- Developer(s): Exidy
- Publisher(s): JP: Sega; NA: Exidy;
- Platform(s): Arcade
- Release: NA: June 1980; JP: July 1980;
- Genre(s): Maze, shoot 'em up
- Mode(s): Single-player, multiplayer

= Targ (video game) =

1980 video game

Targ is a maze shoot 'em up developed by Exidy and released as an arcade video game in 1980. It depicts vehicular combat in a future world. It was released in North America by Exidy in June 1980 and in Japan by Sega in July.

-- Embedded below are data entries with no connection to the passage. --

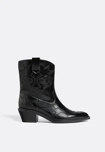 Botki na obcasie w stylu kowbojskim. Ozdobne przeszycia. Boczne paski w górnej części cholewki. Wysokość obcasa 4,5 cm.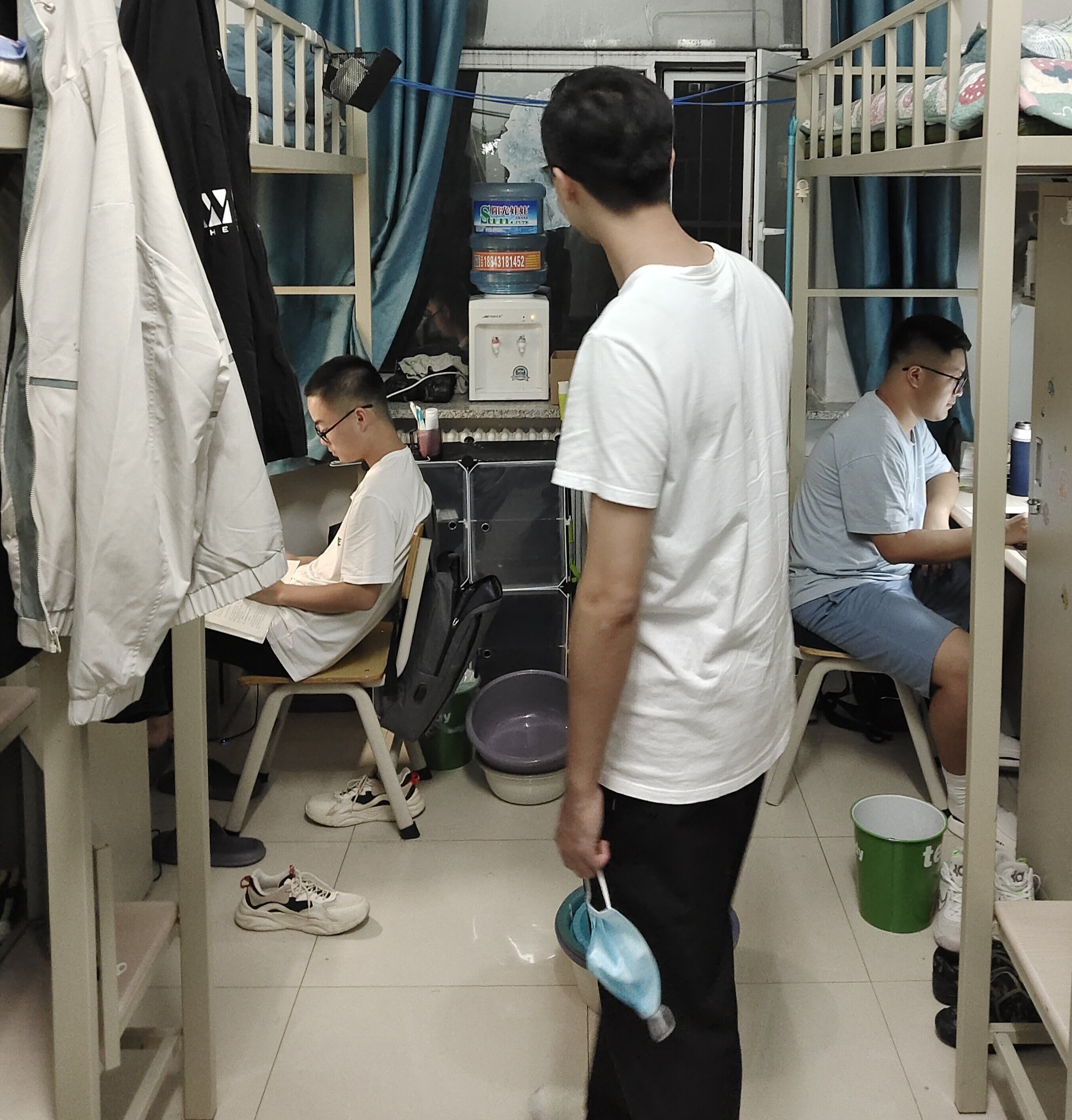 走访过程中,三位辅导员老师对寝室卫生和用电安全做了仔细检查,提醒同学们杜绝使用违规电器、保证寝室用电安全,同时强调在常态化防控期间,各位同学要做好个人防护,出入寝室、教学楼戴好口罩,定期对宿舍进行消毒通风。孙鹏博老师和包健伦老师在寝室中与员工进行亲切交谈,询问同学们在生活中遇到的问题,了解学习方面存在的困难,并向大家传达公司领导和老师对同学们的关心和鼓励。在毕业生宿舍,马姗姗老师详细询问了考研员工复习应考的进度和状态,勉励考研员工在冲刺阶段要树立充足信心,保持良好心态,劳逸结合,以积极的态度迎接考试,取得满意成绩。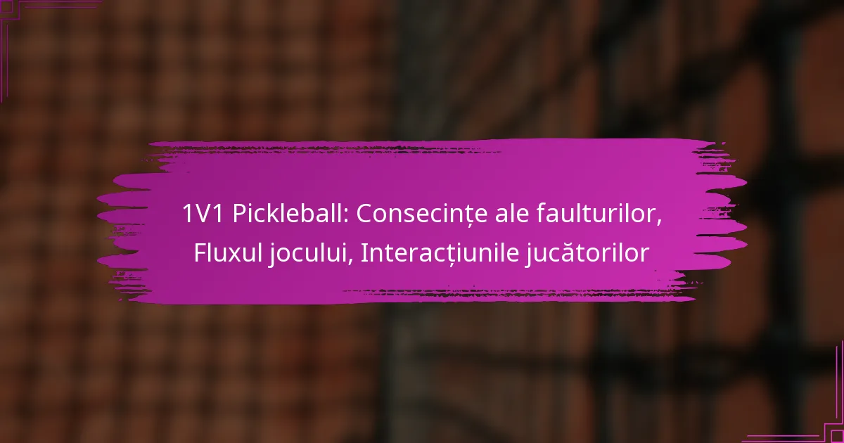 În pickleball 1V1, faulturile pot influența semnificativ desfășurarea jocului și rezultatul final, făcând esențial pentru jucători să înțeleagă tipurile și consecințele acestora. Ritmul jocului este modelat de diferiți factori, inclusiv sistemele de punctaj și interacțiunile dintre jucători, care pot fi perturbate de faulturi. Pentru a asigura o experiență corectă și plăcută, comunicarea eficientă și respectarea sportivității sunt vitale în interacțiunile dintre jucători.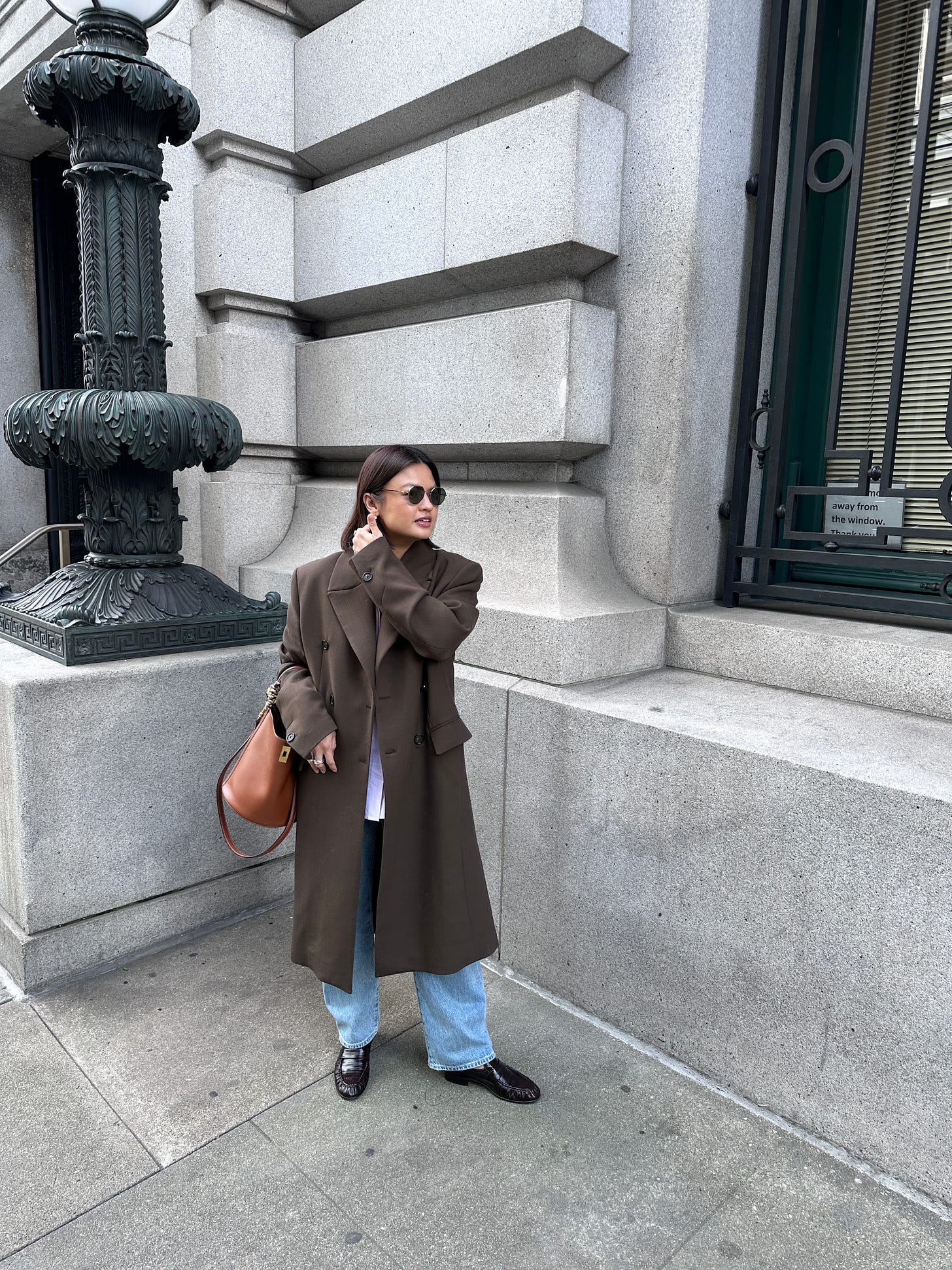 San Francisco gets stereotyped for its tech uniform of Patagonia vests and Allbirds, but venture beyond the Marina and you’ll find some seriously inspired style. Just a few weeks ago on Fillmore, I spotted this woman in an ankle-length burgundy leather coat with a newsboy cap that stopped me in my tracks. Another standout: a girl rocking an oversized suede blazer with wide-leg jeans, retro oval sunglasses, and this effortlessly chic low bun.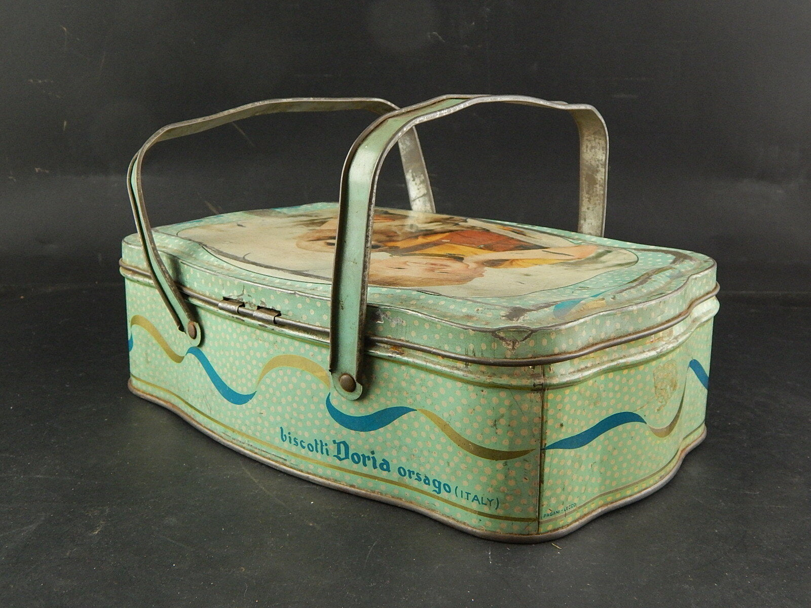 In questa inserzione viene presentata un'antica scatola in latta dei biscotti Doria Orsago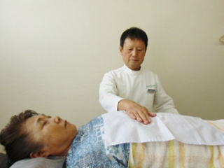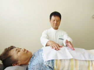 コロナの技法には、疾患部の大きさや深さ、場所によって、平面立ち、カニ立ち、石立ち、コレクト、放射といった手の使い方をします。写真は、胃の治療をしているところです。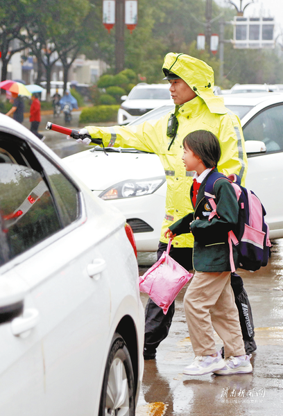 雨情就是警情。连日来,渭南公安交警以雨为令,全警上路,全力以赴,除隐患、防事故、保安全、保畅通。图为民警雨中护学。 通讯员 张亮 摄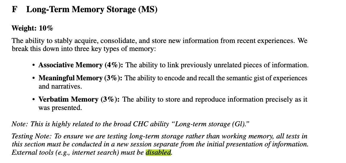 If the authors are saying that all AGIs will pass this test, it’s pretty clear to me that this is not true, mostly because of what they call “Capability Contortions.” According to the paper Capability Contortions are “where strengths in certain areas are leveraged to compensate for profound weaknesses in others. These workarounds mask underlying limitations and can create a brittle illusion of general capability.” Further that “Mistaking these contortions for genuine cognitive breadth can lead to inaccurate assessments.” For these reasons the authors disable external tools on the tests like F - Long Term Memory.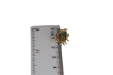 This crab brooch is made of 18 karat yellow gold with shining emeralds. It measures at 25 mm wide by 12 mm long or about 1 inch by 0.5 inches.
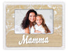 Cornice Manola IT in legno, colore marrone e bianco, con scritta MAMMA a rilievo e stampa floreale bianca, da tavolo, adatta come regalo per la festa della mamma, ideale per celebrare anniversari o compleanni, adatta per casa e ufficio.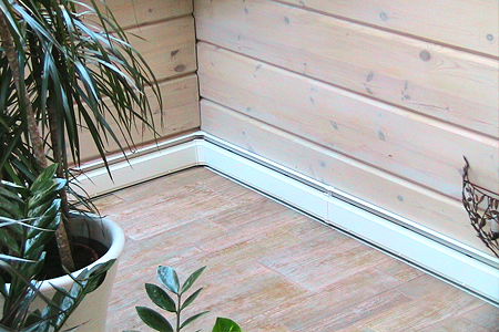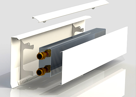 Type d'eau se compose de pièces telles qu'un bloc de radiateur, une pièce de collecteur et des tubes en plastique. Le principe de fonctionnement est basé sur la loi de la physique sur l'attraction d'un flux d'air vers les surfaces proches. L'air est chauffé dans le radiateur du socle de manière convective. Il va dans la fente en bas plinthes, s'échauffe et sort par la fente supérieure, montant le long du mur. Ainsi, quelque temps après avoir allumé le chauffage, vous obtiendrez des murs chauffés, qui eux-mêmes rayonneront de la chaleur dans la pièce.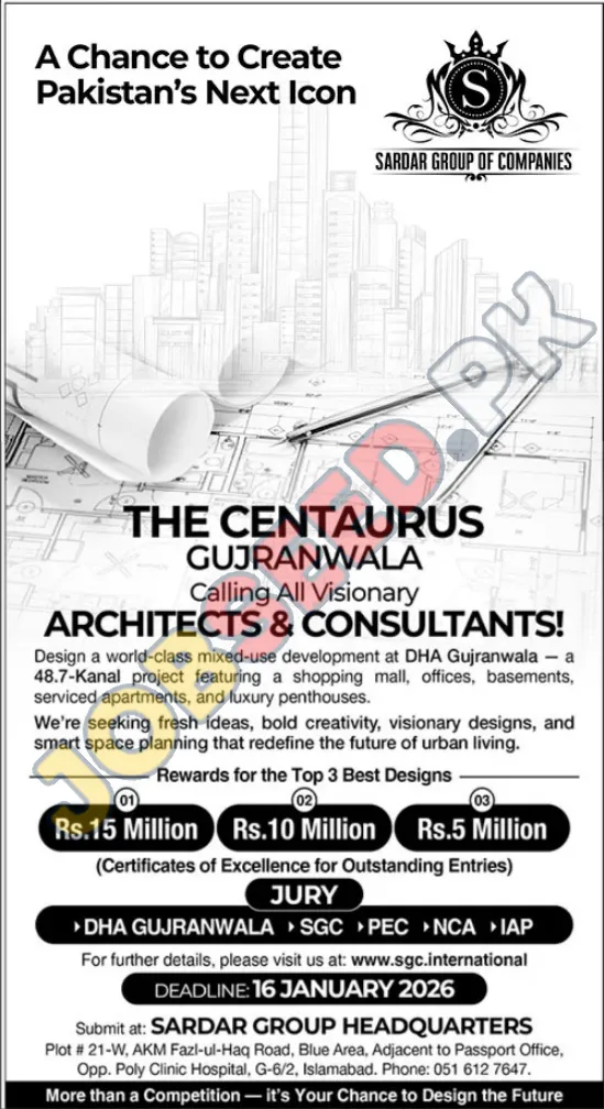 The Sardar Group of Companies is now recruiting in Islamabad. Apply for the position of Architect. The required qualification is Bachelor. This role is within the Management industry. A bachelor degree is preferred. The application process commenced on 29 October, 2025 via Jang Newspaper. Interested and eligible candidates must submit their applications before the deadline on 16 January, 2026. This is a prime opportunity to join a renowned organization. For a step-by-step application guide and full eligibility criteria, please see the official advertisement on https://www.jobseed.pk.

It was listed by Play Meter as one of only two maze games among the top 20 highest-grossing arcade video games of 1980, which was dominated by space shoot 'em ups. Its success prompted Exidy to release Spectar, a sequel with improved graphics, in July 1980. A port of Targ was developed for the Atari 2600 by CBS Games, but never released.

==Gameplay==

Screenshot

The locale, described by the game cabinet as "The Crystal City", is a 10x10 grid of roads demarcated by square buildings. The player, piloting the Wummel, which looks like a small green car, maneuvers through the maze trying to shoot enemies and avoid collisions with them. Most of the enemies consist of angry-looking red wedges known as Targs. Occasionally, a small cyan-colored Spectar Smuggler appears; shooting it scores a significant bonus. None of the enemies shoot back; their sole means of destroying the Wummel is ramming into it.

When all enemies are destroyed, a bonus is awarded and a new round starts. If the player takes too long to clear the board, the Targs' speed increases until they are traveling faster than the Wummel.

==Reception==
Electronic Games stated in 1983 that Targ had "one of the most unique approaches to the maze-chase contest". In his 1981 video game guide How to Master the Video Games Tom Hirschfeld observed that "TARG is one game in which strategy must become almost reflex as the action quickens".

==Legacy==
Attack Force for the TRS-80 is a clone of Targ released by Big Five Software in 1980.

Targ was sublicensed to Centuri, who manufactured it in a cocktail version.